BEGIN PROVIDED ENTRIES

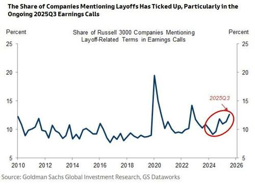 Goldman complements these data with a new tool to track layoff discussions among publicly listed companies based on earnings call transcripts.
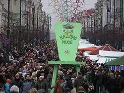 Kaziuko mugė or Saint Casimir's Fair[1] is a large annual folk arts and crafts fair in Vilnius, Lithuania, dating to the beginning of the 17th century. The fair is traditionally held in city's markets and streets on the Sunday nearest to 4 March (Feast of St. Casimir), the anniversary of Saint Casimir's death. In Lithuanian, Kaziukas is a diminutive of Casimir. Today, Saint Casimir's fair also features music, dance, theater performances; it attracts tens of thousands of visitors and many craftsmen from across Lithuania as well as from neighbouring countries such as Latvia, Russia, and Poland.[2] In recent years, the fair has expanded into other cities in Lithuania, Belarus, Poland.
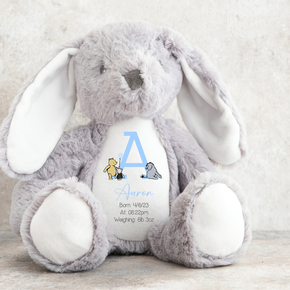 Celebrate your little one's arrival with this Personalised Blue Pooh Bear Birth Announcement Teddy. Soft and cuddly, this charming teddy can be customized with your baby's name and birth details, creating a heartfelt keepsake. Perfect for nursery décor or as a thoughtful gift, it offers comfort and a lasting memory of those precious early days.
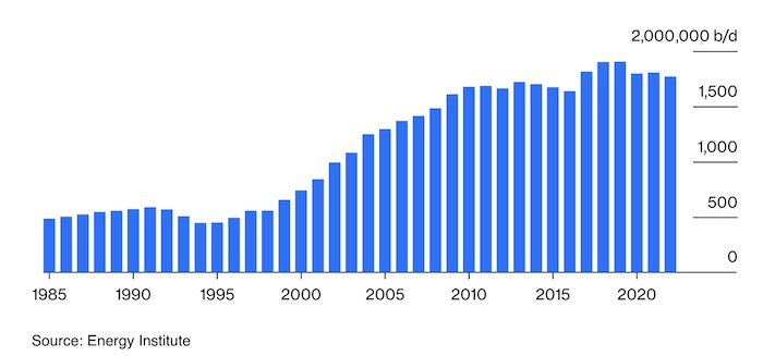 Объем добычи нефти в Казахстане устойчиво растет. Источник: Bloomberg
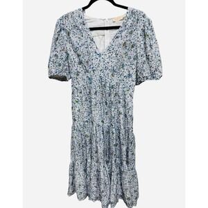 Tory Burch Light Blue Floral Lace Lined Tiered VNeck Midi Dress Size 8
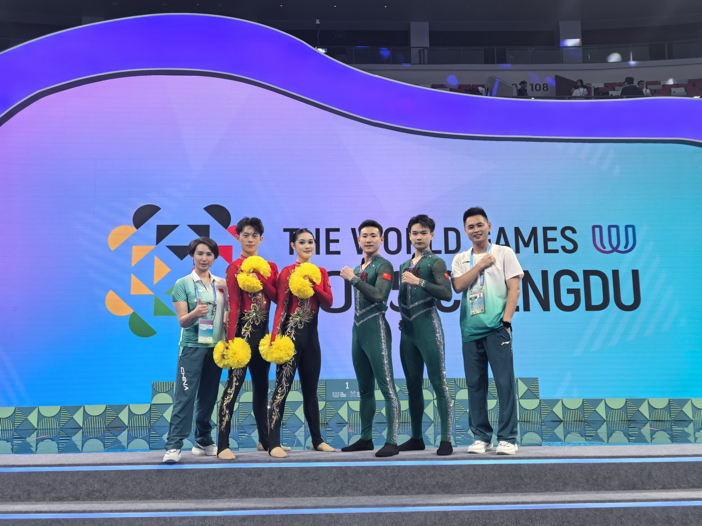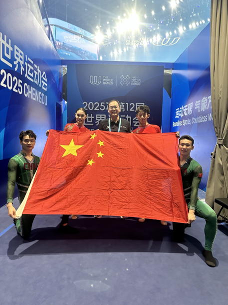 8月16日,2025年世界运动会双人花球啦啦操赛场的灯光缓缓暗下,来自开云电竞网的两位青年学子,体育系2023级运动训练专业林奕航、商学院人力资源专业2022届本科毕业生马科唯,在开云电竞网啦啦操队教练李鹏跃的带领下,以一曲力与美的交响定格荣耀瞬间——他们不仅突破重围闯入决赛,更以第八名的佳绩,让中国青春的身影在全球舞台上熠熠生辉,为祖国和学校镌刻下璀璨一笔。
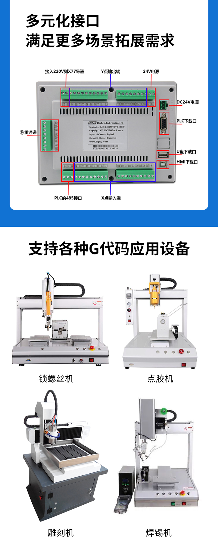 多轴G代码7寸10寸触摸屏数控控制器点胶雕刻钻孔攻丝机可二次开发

END PROVIDED ENTRIES
BEGIN PROVIDED ENTRIES

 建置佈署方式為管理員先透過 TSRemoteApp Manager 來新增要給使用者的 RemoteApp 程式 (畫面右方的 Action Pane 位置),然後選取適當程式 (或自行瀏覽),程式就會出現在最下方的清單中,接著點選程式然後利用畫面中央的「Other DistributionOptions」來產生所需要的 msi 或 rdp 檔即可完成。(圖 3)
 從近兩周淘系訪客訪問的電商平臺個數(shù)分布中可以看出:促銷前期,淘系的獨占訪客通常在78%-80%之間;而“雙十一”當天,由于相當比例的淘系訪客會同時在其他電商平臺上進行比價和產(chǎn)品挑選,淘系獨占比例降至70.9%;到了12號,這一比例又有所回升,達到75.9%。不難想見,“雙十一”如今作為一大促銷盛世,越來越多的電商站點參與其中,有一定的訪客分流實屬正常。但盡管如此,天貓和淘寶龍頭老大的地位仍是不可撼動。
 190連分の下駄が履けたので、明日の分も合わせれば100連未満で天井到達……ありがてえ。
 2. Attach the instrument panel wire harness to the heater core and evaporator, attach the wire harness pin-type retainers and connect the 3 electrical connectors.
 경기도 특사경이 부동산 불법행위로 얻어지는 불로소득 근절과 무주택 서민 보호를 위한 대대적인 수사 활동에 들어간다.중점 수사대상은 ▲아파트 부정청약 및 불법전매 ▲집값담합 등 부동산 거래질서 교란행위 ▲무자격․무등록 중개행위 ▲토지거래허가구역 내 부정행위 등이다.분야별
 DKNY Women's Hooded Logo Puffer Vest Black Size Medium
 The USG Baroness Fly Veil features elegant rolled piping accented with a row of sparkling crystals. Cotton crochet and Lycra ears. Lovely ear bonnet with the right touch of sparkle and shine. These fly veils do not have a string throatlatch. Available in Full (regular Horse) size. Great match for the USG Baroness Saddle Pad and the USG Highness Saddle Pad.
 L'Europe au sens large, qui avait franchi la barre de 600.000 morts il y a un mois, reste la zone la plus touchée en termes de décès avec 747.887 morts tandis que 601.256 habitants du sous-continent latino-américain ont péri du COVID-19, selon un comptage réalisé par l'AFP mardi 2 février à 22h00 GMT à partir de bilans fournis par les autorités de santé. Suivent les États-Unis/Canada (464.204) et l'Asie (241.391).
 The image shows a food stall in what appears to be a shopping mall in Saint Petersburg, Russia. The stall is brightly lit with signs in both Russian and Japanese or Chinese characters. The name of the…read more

END PROVIDED ENTRIES
BEGIN PROVIDED ENTRIES

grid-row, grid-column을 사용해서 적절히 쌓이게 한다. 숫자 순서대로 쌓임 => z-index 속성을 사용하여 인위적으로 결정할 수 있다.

END PROVIDED ENTRIES

• [DESCRIPTION OF THE TASK] Only one part of the material above is wanted: the lines from the one with "Celebrate your little" up to and including the one with "多轴G代码7寸10寸触摸屏数控控制器点胶雕刻钻孔攻丝机可二次开发". Please copy them exactly, pictures left out.

• [EXPECTED ANSWER]
 Celebrate your little one's arrival with this Personalised Blue Pooh Bear Birth Announcement Teddy. Soft and cuddly, this charming teddy can be customized with your baby's name and birth details, creating a heartfelt keepsake. Perfect for nursery décor or as a thoughtful gift, it offers comfort and a lasting memory of those precious early days.
 Объем добычи нефти в Казахстане устойчиво растет. Источник: Bloomberg
 Tory Burch Light Blue Floral Lace Lined Tiered VNeck Midi Dress Size 8
 8月16日,2025年世界运动会双人花球啦啦操赛场的灯光缓缓暗下,来自开云电竞网的两位青年学子,体育系2023级运动训练专业林奕航、商学院人力资源专业2022届本科毕业生马科唯,在开云电竞网啦啦操队教练李鹏跃的带领下,以一曲力与美的交响定格荣耀瞬间——他们不仅突破重围闯入决赛,更以第八名的佳绩,让中国青春的身影在全球舞台上熠熠生辉,为祖国和学校镌刻下璀璨一笔。
 多轴G代码7寸10寸触摸屏数控控制器点胶雕刻钻孔攻丝机可二次开发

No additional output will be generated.